• _WHAT IS NEEDED_:
Could you repeat the whole listing below exactly, omitting any picture it holds?

══ DATA FOR THIS EXERCISE ══

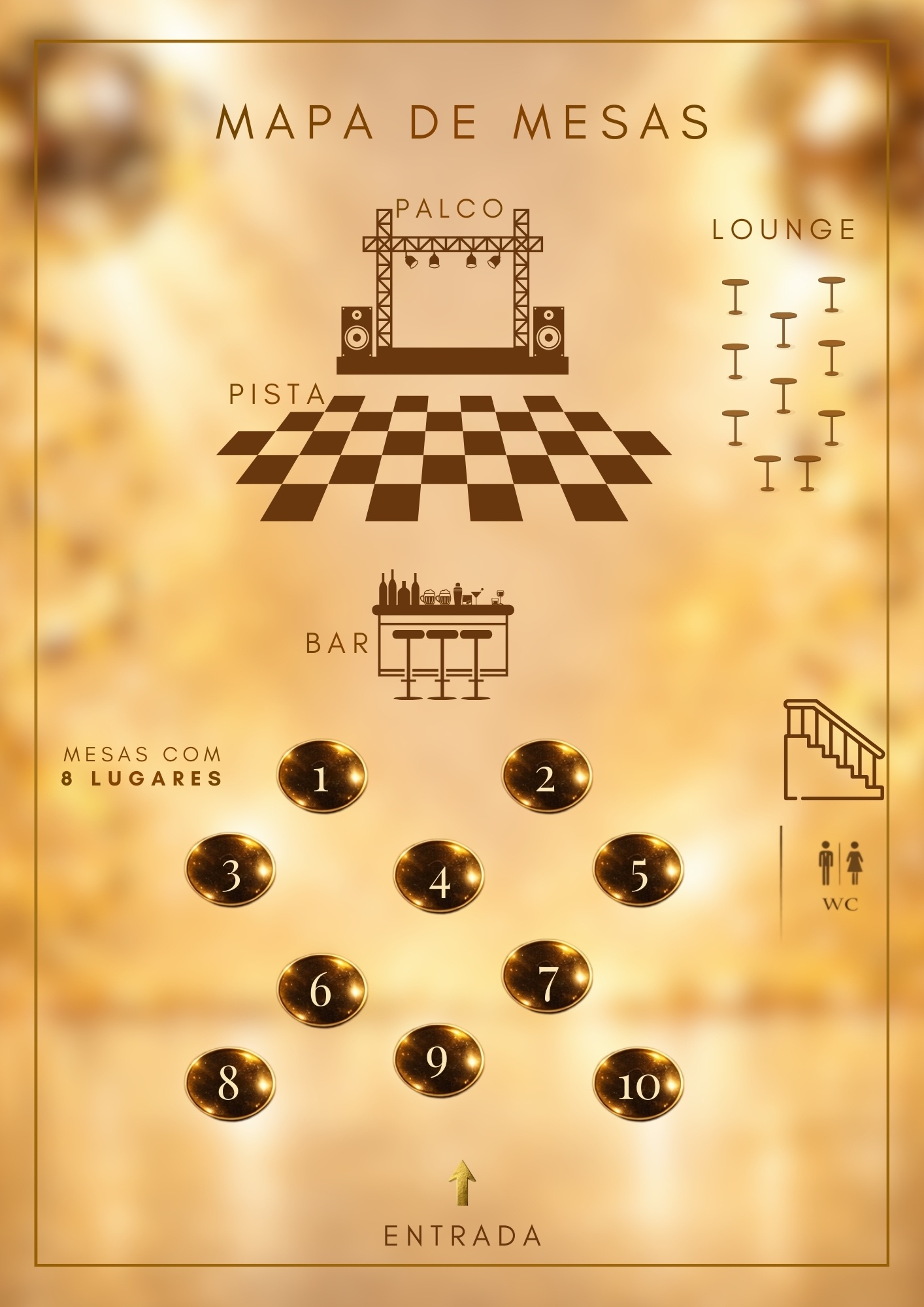 Após a compra do ingresso na modalidade Mesa, é necessário entrar em contato pelo WhatsApp (11) 98637-0267 para realizar a escolha da mesa, conforme disponibilidade.
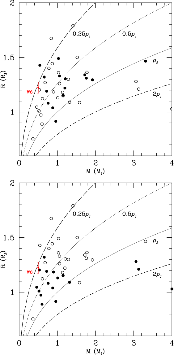 and the metal deficiency of its host star seem to strengthen the existence of a correlation between the heavy-element content of giant planets and the stellar metallicity (Guillot et al. 2006; Burrows et al. 2007). Still, this proposed correlation is not obvious at all in a planetary mass-radius diagram presenting separately the planets for which the host star has a sub-solar metallicity (see Fig. 8, top panel): both populations seem well mixed without any hint of a smaller density for planets orbiting around metal-poor stars. On the other side, the division of transiting planets into two well separated groups in the mass-radius diagram seems clearer when the level of irradiation is considered (Fig. 8, bottom panel). This apparent correlation density-irradiation does not necessarily indicate a direct influence of the incoming stellar flux on the planet size, it could also be explained by a more indirect action. For instance, the most irradiated planets are the ones being the closest to their host star, so the ones for which tidal heating should be the largest.
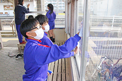 御坊市藤田町藤井の道成寺駅では、駅舎の窓拭きや構内の掃き掃除、自転車置き場のごみ拾いなどに取り組み、きれいにした。
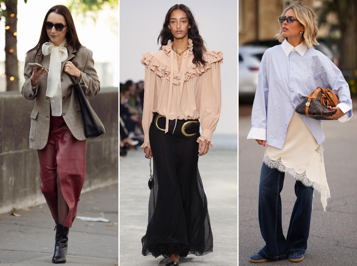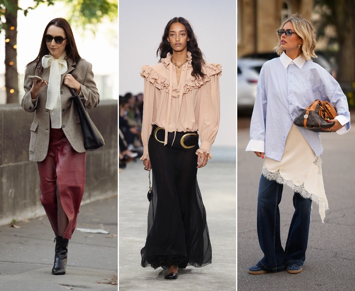 Блузы снова сделали то, что редко удается базовым вещам: из фонового слоя они превратились в главный акцент образа, вытеснив и французские водолазки, и привычные лонгсливы. В этом сезоне их особенно много — лаконичные хлопковые, полупрозрачные сатиновые, с объемным бантом, с летящими рюшами, из шелка и льна, от Saint Laurent до Chloé и Chanel, — все они подводят нас к одному и тому же вопросу: как носить их по‑новому, чтобы не скатиться в ностальгию по нулевым и ретро-косплей?
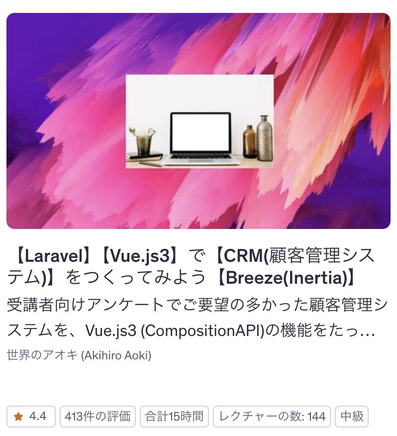 こちらの講座はLaravelとVue.jsを活用して顧客管理スステムを作る講座です。
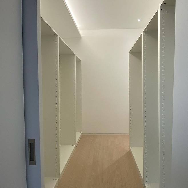 헤드 부분 왼쪽으로 문이 하나 있는데 그 문을 열면 보이는 드레스룸입니다. 저는 옷이 많은 편이 아니라 부부의 사계절 옷이 저 안에 다 들어갑니다. 비용 절감을 위해 이케아 팍스장을 직접 조립하였어요. 너무 근사하게 잘 짜와서 양쪽 어깨에 칭찬을 해줍니다.
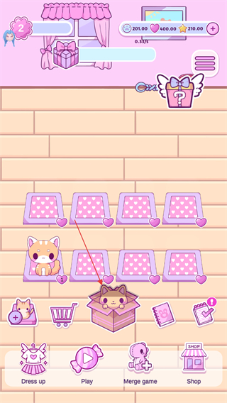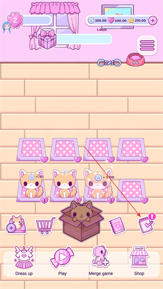 2、点击盒子里的小猫,将其放置到粉色垫子上,增加宠物数量。
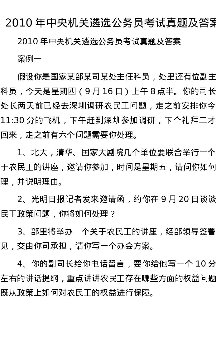 2010年中央机关遴选公务员考试真题及答案
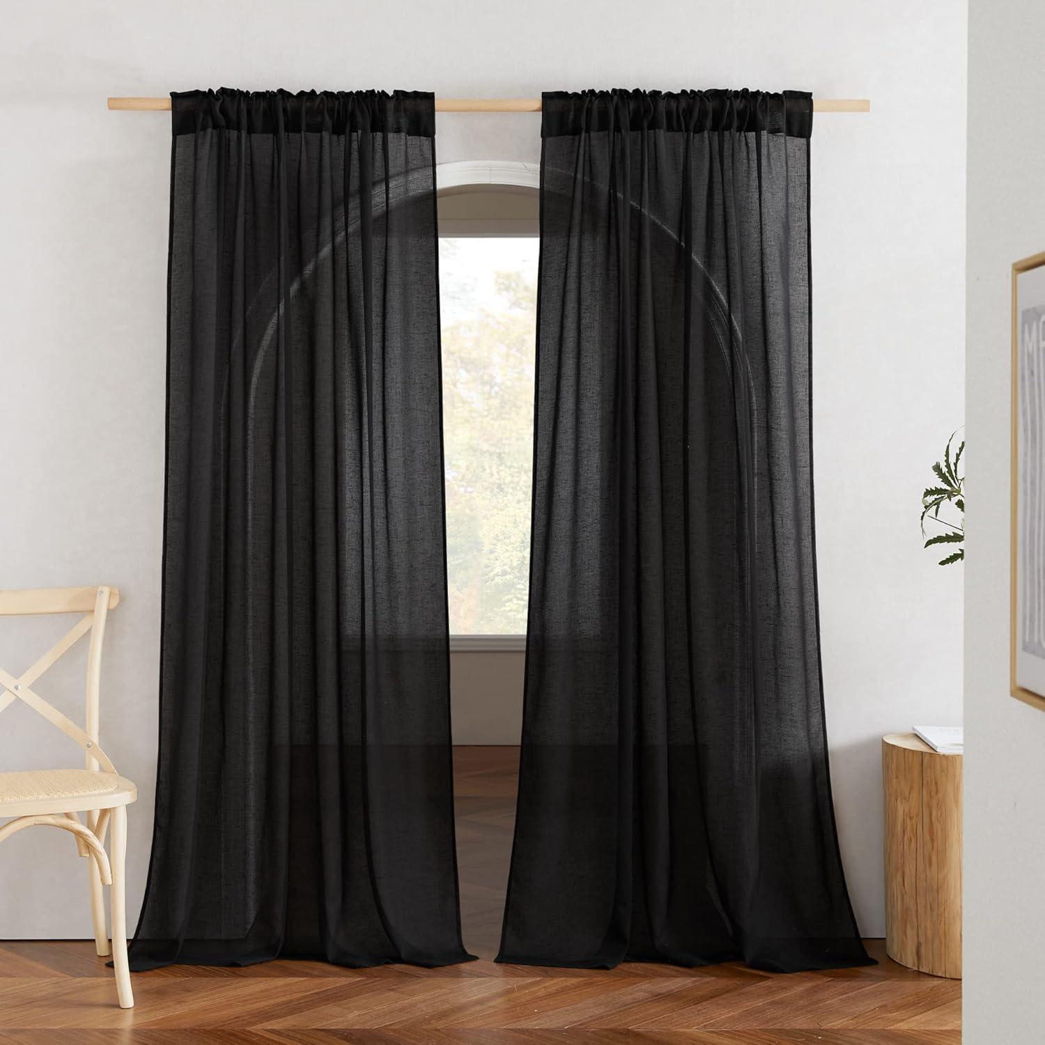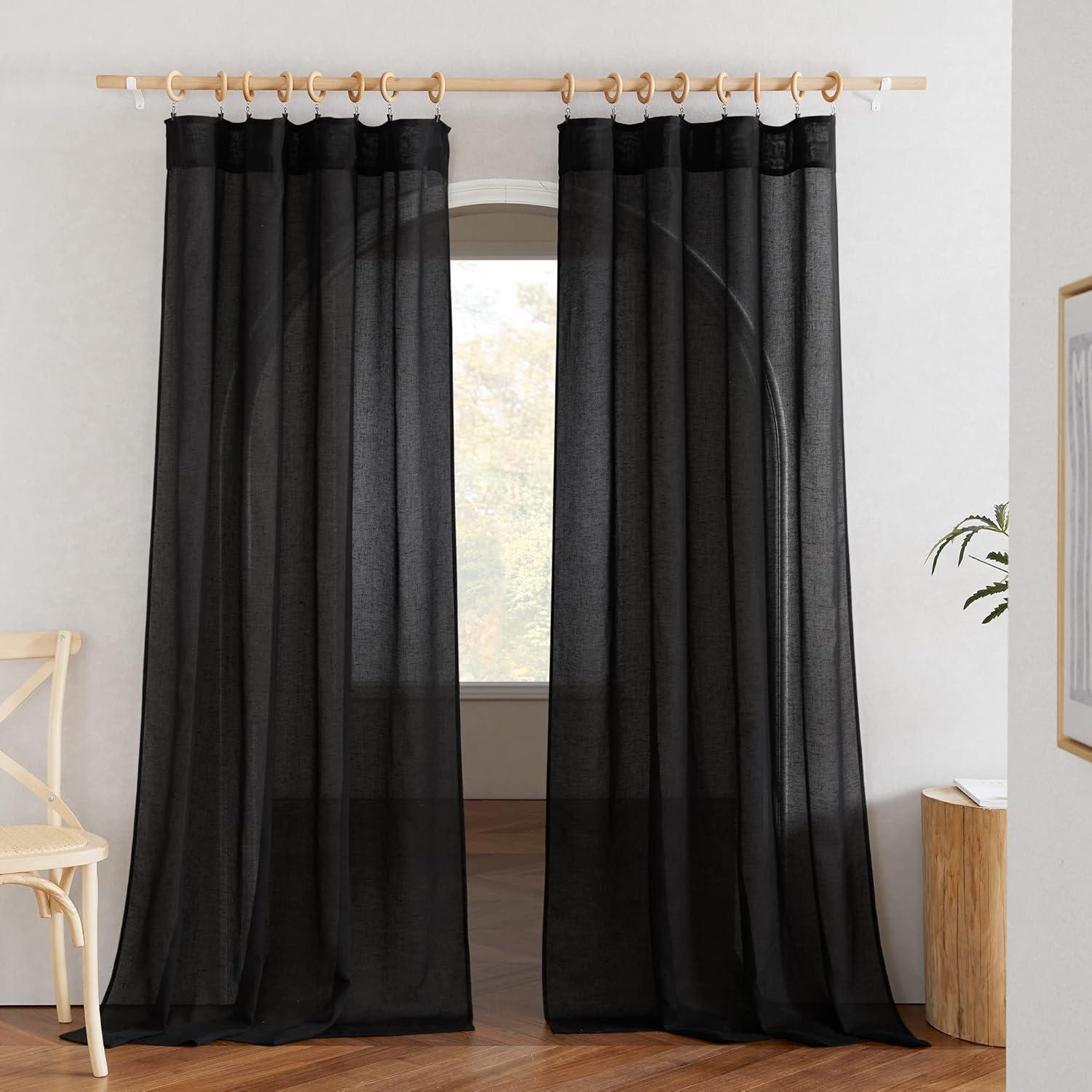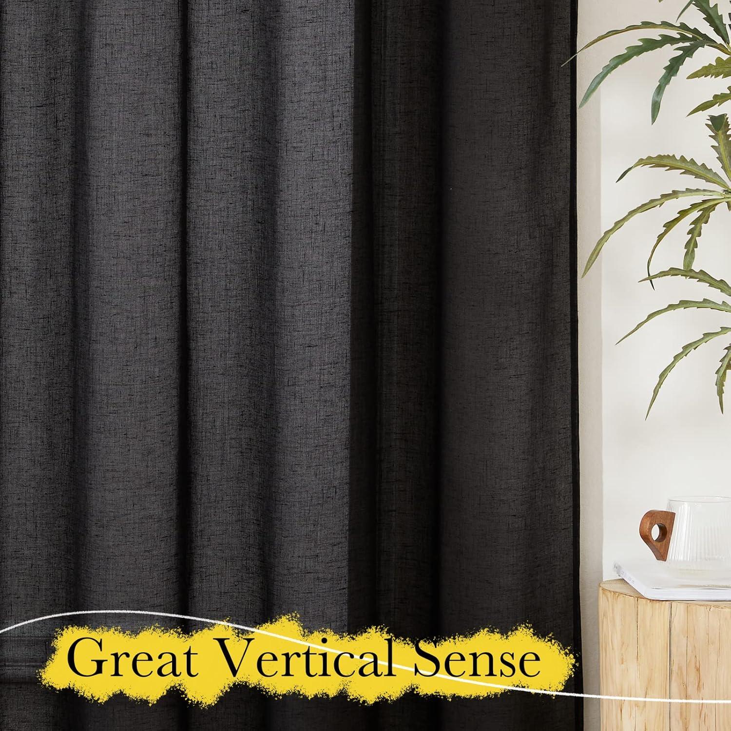 NICETOWN Linen Curtains for Windows 84 inch Length, Rod Pocket & Back Tab Semi Sheer Linen Curtains & Drapes Privacy with Light Through for Bedroom/Living Room, Natural, W52 x L84, 2 Pieces(Black)
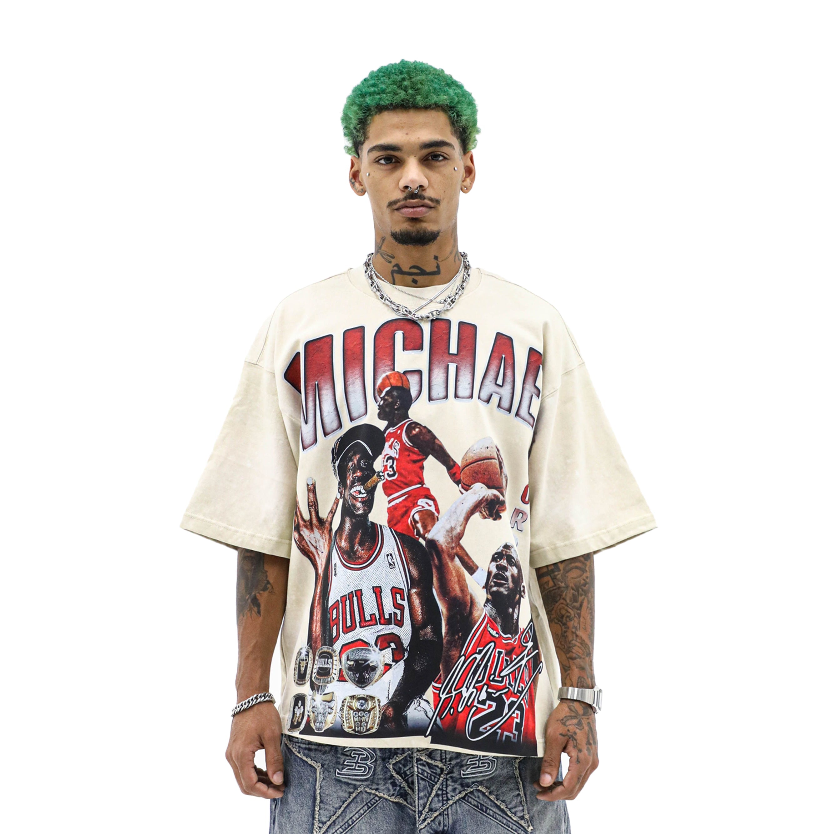 - Oversized front MJ graphic
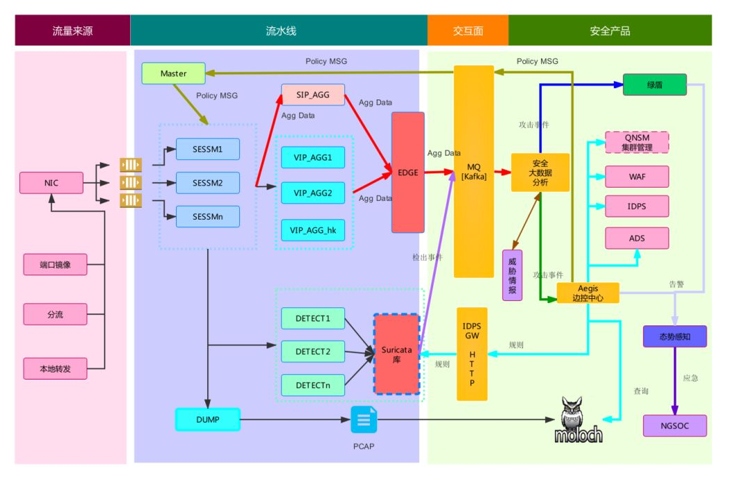 · 边控中心可以按事件驱动QNSM dump网络流量成PCAP文件,并ETL进Moloch ( https://github.com/aol/moloch a largescale, open source, indexed packet capture and search system)建立包索引,方便对事件进行包级别的分析和溯源。
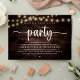 Elegantly announce your happily ever after with our modern rustic brown wood string lights theme wedding elopement, wedding reception dinner and dancing celebration invitation card, "Happily Ever After Party". Tailored for couples continuing their love story, this invitation strikes a perfect balance of sophistication and charm, setting the scene for an unforgettable event. Featuring a modern contemporary script design, it adds a touch of timeless grace to your special day.
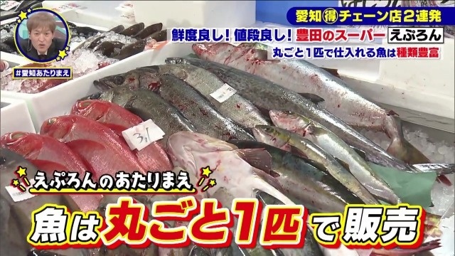 そんな「えぷろん」の目玉となっているのが鮮魚コーナー。広々とした鮮魚コーナーにはスーパーらしからぬ「丸ごと1尾」の新鮮な魚がずらーっと並んでいます。海に面していない豊田市のスーパーとは信じられないほどの充実振りです。
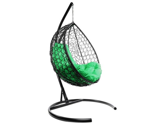 Подвесное кресло Кокон Капля складной ротанг (черный/зеленый)
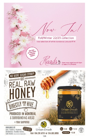 GET BY YOAV SASPORTAS AVAILABLE AT: $ $ GET YOUR JAR QUICK! Adar, Fooderie, Passmart, ONLY ONE HARVEST 250g 8.00 500g 13.50 Mimimelon, Paradise Kosher, Honeycomb $ 15.00 Cafe Navire or by direct delivery (60$+) Call: 514.291.6731 or 514.691.0955 126

═══

• _OUTPUT BELOW_:
 Após a compra do ingresso na modalidade Mesa, é necessário entrar em contato pelo WhatsApp (11) 98637-0267 para realizar a escolha da mesa, conforme disponibilidade.
 and the metal deficiency of its host star seem to strengthen the existence of a correlation between the heavy-element content of giant planets and the stellar metallicity (Guillot et al. 2006; Burrows et al. 2007). Still, this proposed correlation is not obvious at all in a planetary mass-radius diagram presenting separately the planets for which the host star has a sub-solar metallicity (see Fig. 8, top panel): both populations seem well mixed without any hint of a smaller density for planets orbiting around metal-poor stars. On the other side, the division of transiting planets into two well separated groups in the mass-radius diagram seems clearer when the level of irradiation is considered (Fig. 8, bottom panel). This apparent correlation density-irradiation does not necessarily indicate a direct influence of the incoming stellar flux on the planet size, it could also be explained by a more indirect action. For instance, the most irradiated planets are the ones being the closest to their host star, so the ones for which tidal heating should be the largest.
 御坊市藤田町藤井の道成寺駅では、駅舎の窓拭きや構内の掃き掃除、自転車置き場のごみ拾いなどに取り組み、きれいにした。
 Блузы снова сделали то, что редко удается базовым вещам: из фонового слоя они превратились в главный акцент образа, вытеснив и французские водолазки, и привычные лонгсливы. В этом сезоне их особенно много — лаконичные хлопковые, полупрозрачные сатиновые, с объемным бантом, с летящими рюшами, из шелка и льна, от Saint Laurent до Chloé и Chanel, — все они подводят нас к одному и тому же вопросу: как носить их по‑новому, чтобы не скатиться в ностальгию по нулевым и ретро-косплей?
 こちらの講座はLaravelとVue.jsを活用して顧客管理スステムを作る講座です。
 헤드 부분 왼쪽으로 문이 하나 있는데 그 문을 열면 보이는 드레스룸입니다. 저는 옷이 많은 편이 아니라 부부의 사계절 옷이 저 안에 다 들어갑니다. 비용 절감을 위해 이케아 팍스장을 직접 조립하였어요. 너무 근사하게 잘 짜와서 양쪽 어깨에 칭찬을 해줍니다.
 2、点击盒子里的小猫,将其放置到粉色垫子上,增加宠物数量。
 2010年中央机关遴选公务员考试真题及答案
 NICETOWN Linen Curtains for Windows 84 inch Length, Rod Pocket & Back Tab Semi Sheer Linen Curtains & Drapes Privacy with Light Through for Bedroom/Living Room, Natural, W52 x L84, 2 Pieces(Black)
 - Oversized front MJ graphic
 · 边控中心可以按事件驱动QNSM dump网络流量成PCAP文件,并ETL进Moloch ( https://github.com/aol/moloch a largescale, open source, indexed packet capture and search system)建立包索引,方便对事件进行包级别的分析和溯源。
 Elegantly announce your happily ever after with our modern rustic brown wood string lights theme wedding elopement, wedding reception dinner and dancing celebration invitation card, "Happily Ever After Party". Tailored for couples continuing their love story, this invitation strikes a perfect balance of sophistication and charm, setting the scene for an unforgettable event. Featuring a modern contemporary script design, it adds a touch of timeless grace to your special day.
 そんな「えぷろん」の目玉となっているのが鮮魚コーナー。広々とした鮮魚コーナーにはスーパーらしからぬ「丸ごと1尾」の新鮮な魚がずらーっと並んでいます。海に面していない豊田市のスーパーとは信じられないほどの充実振りです。
 Подвесное кресло Кокон Капля складной ротанг (черный/зеленый)
 GET BY YOAV SASPORTAS AVAILABLE AT: $ $ GET YOUR JAR QUICK! Adar, Fooderie, Passmart, ONLY ONE HARVEST 250g 8.00 500g 13.50 Mimimelon, Paradise Kosher, Honeycomb $ 15.00 Cafe Navire or by direct delivery (60$+) Call: 514.291.6731 or 514.691.0955 126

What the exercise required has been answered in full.